* Provided data:
######

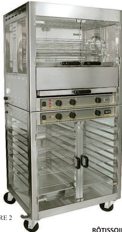
RBE 25 + RE 2
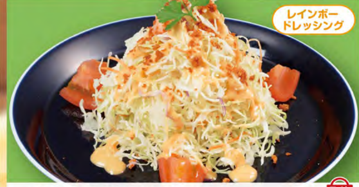
レインボードレッシング
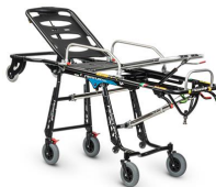
Mercury EL 7094 PROOF Barella autocaricante certificata versione alta
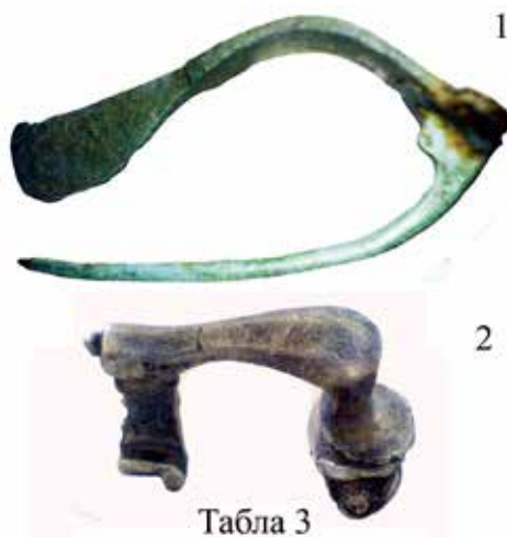
Табла-3: 1) Бронзана зглобна фибула тракастог лука, блиска Ауциса фибулама, Течић-Кавадар, 2) Сребрна зглобна коленаста фибула, Течић-Кавадар.

Tafel-2: 1) Bronze-Bogenfibel mit Knopf-„Borački krš“?, Bogenfibel aus Bronze mit Knopf-Boracki krs?, 3) Fibel aus Bronze mit umgeschlagenem Fuß-„Borački krš“ ?.
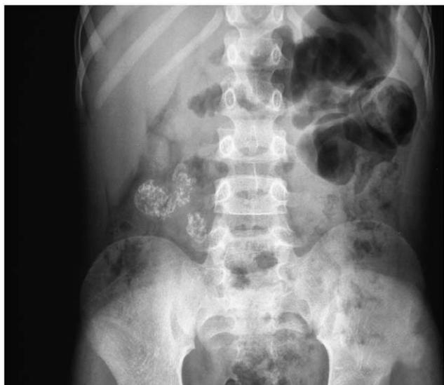
Figura 3 Rx de abdomen al finalizar el tratamiento. Adenopatías calcificadas.

Con la sospecha diagnóstica de tuberculosis abdominal se inició tratamiento con isoniacida, rifampicina, pirazinamida y etambutol, 2 meses, se suspendió la pirazinamida al conocer el resultado del cultivo y se continuó con isoniacida
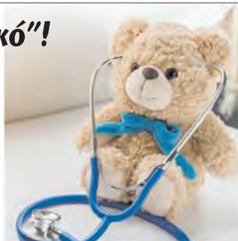
Στο ΠΑΓΝΗ μεταφέρθηκαν τα δύο μικρά παιδιά που είχαν καταπιεί ξένα σώματα

"Ωρα 02.30, μετά τα μεσάνυχτα. Δύο παιδάκια μαζεμένα, με ξένα σώματα διακομίζονται επείγοντως στο ΠαΓΝΗ. Ταυτόχρονα. Το ένα δυόμισι ετών διακομίδι από Ρέθυμνο με αναφερόμενη εισρόφηση μπίλιας από σφυρίχτρα (!) στους βρόγχους. Το άλλο, δύο ετών από Βενιζέλιο, με αναφερόμενη κατάποση ξύλου από σουβλάκι στον υποφάρυγγα. Δύο χειρουργεία που πιστεύω να πάνε καλά. Η λε-
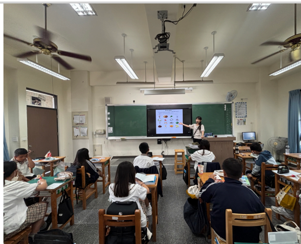
教師於教學活動中舉例食品指標
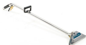
Canne en acier inoxydable - simple spray, pression jusqu'à 400 psi
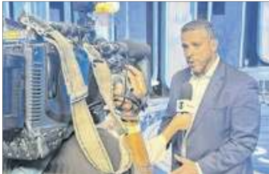
O candidato Rodrigo Amorim durante entrevista nos estúdios Globo
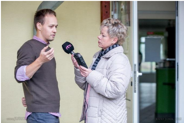
PUBLICITA PROJEKTU - ROZHOVOR RTVS
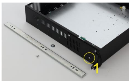
Odkręć pierwszą śrubę M4 z obudowy ARAD
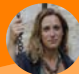
Valeria Parrella Scrittrice, drammaturga e giornalista
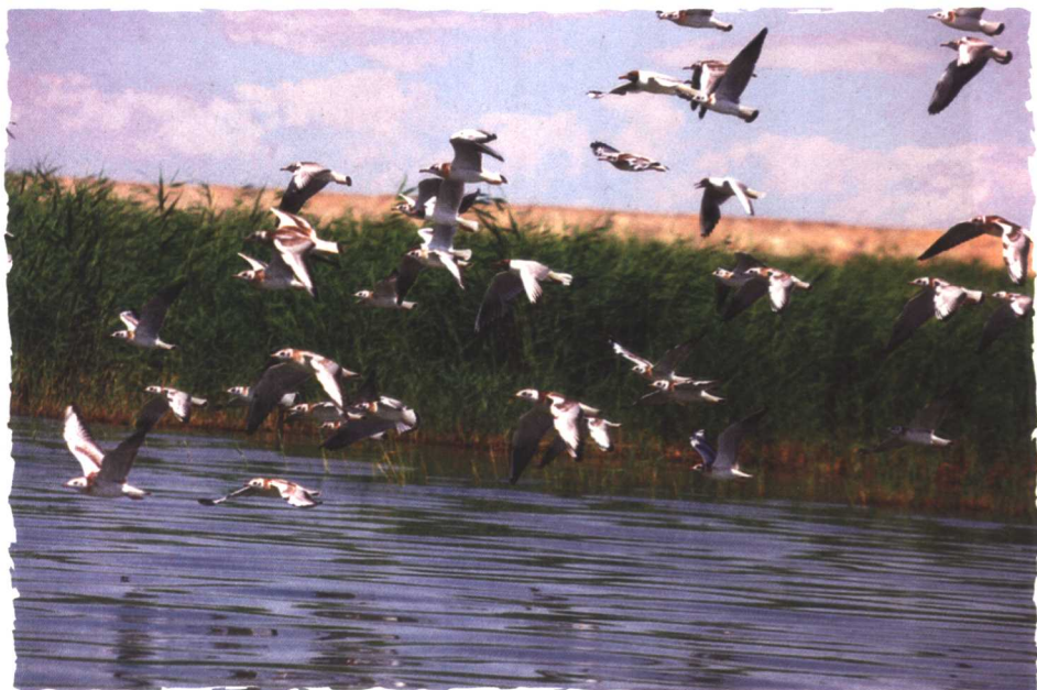
人与自然和谐相处
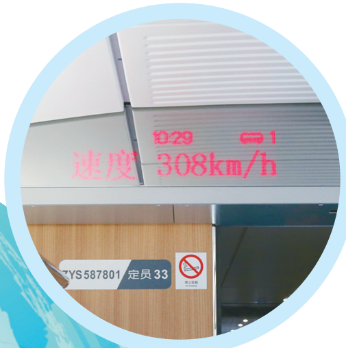
郑徐高铁试运行时速已超过300公里
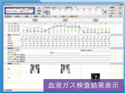
血液ガス検査結果表示
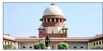
एजेंसी | नई दिल्ली

▶▶ सुप्रीम कोर्ट ने 2017 का फैसला बरकरार रखा
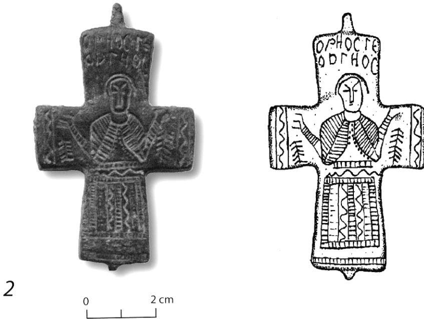
Fig. 2 – 1. Croix reliquaire à cassette; 2. Croix pectorale reliquaire avec Saint Georges.
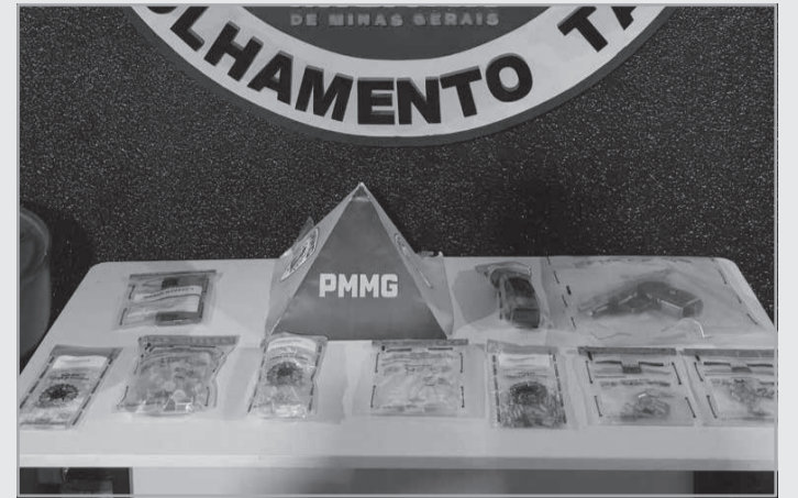
CMD Tático 33671, Tático Móvel 36283, Tático Móvel 36282, AOp. 15ª RPM-19º BPM – 74ª Cia TM - Teó-

Produtividade: 1 menor apreendido, 1 maior presa, 28 porções de maconha, 17 pedras de crack, 7 microtubos com cocaína, R$ 430,00. Equipes:
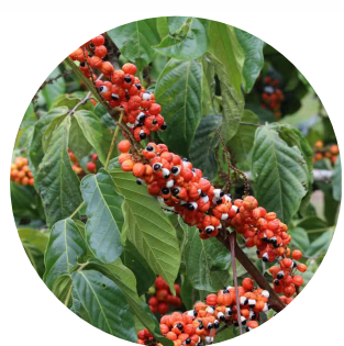
3 . guaraná Paulinia cupanensis
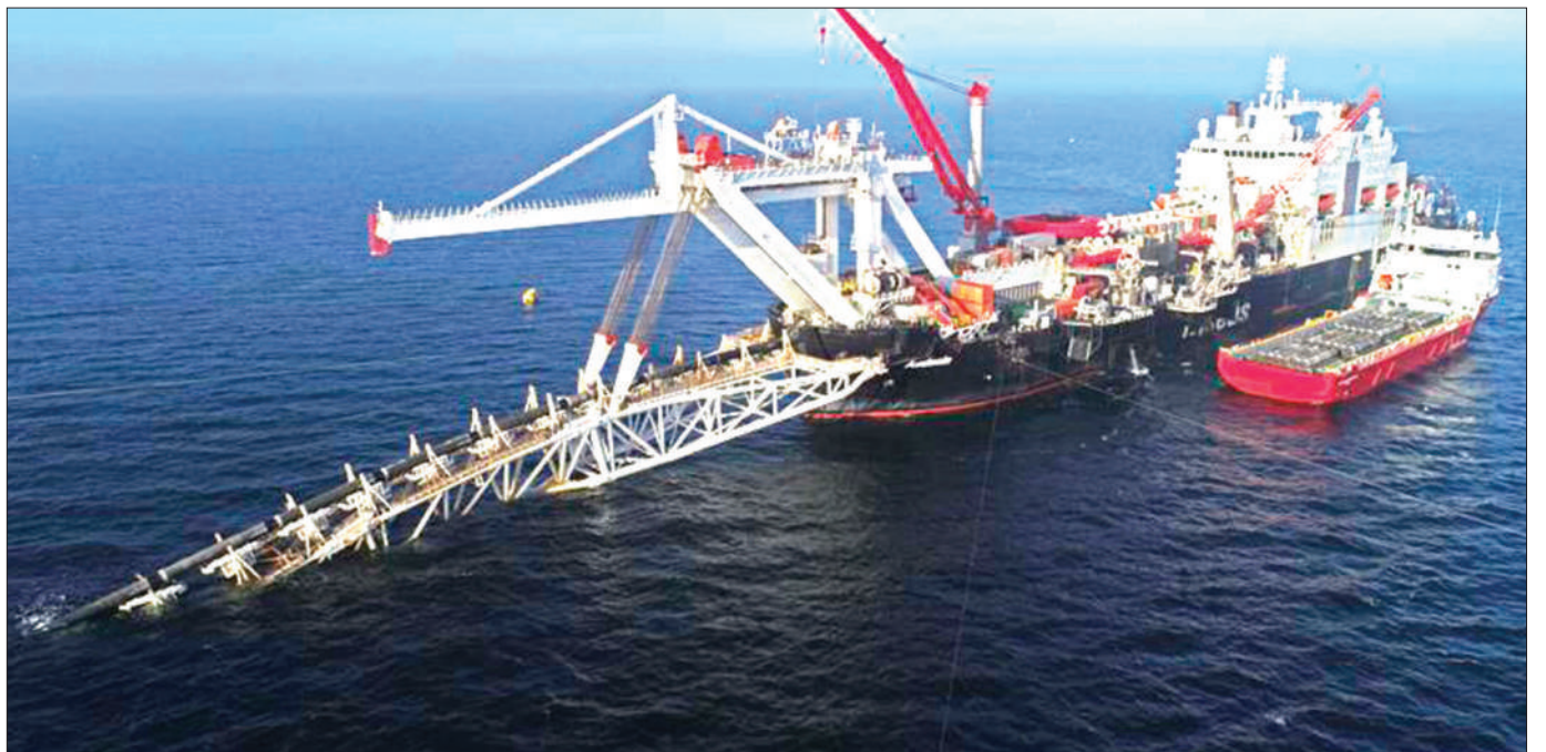
Meli ya kivita ya Denmark karibu na eneo la bomba la gesi lilipasuka katika bahari ya Baltic.

######

Copy out each line of the records above that includes "tratamiento".

Figura 3 Rx de abdomen al finalizar el tratamiento. Adenopatías calcificadas.
Con la sospecha diagnóstica de tuberculosis abdominal se inició tratamiento con isoniacida, rifampicina, pirazinamida y etambutol, 2 meses, se suspendió la pirazinamida al conocer el resultado del cultivo y se continuó con isoniacida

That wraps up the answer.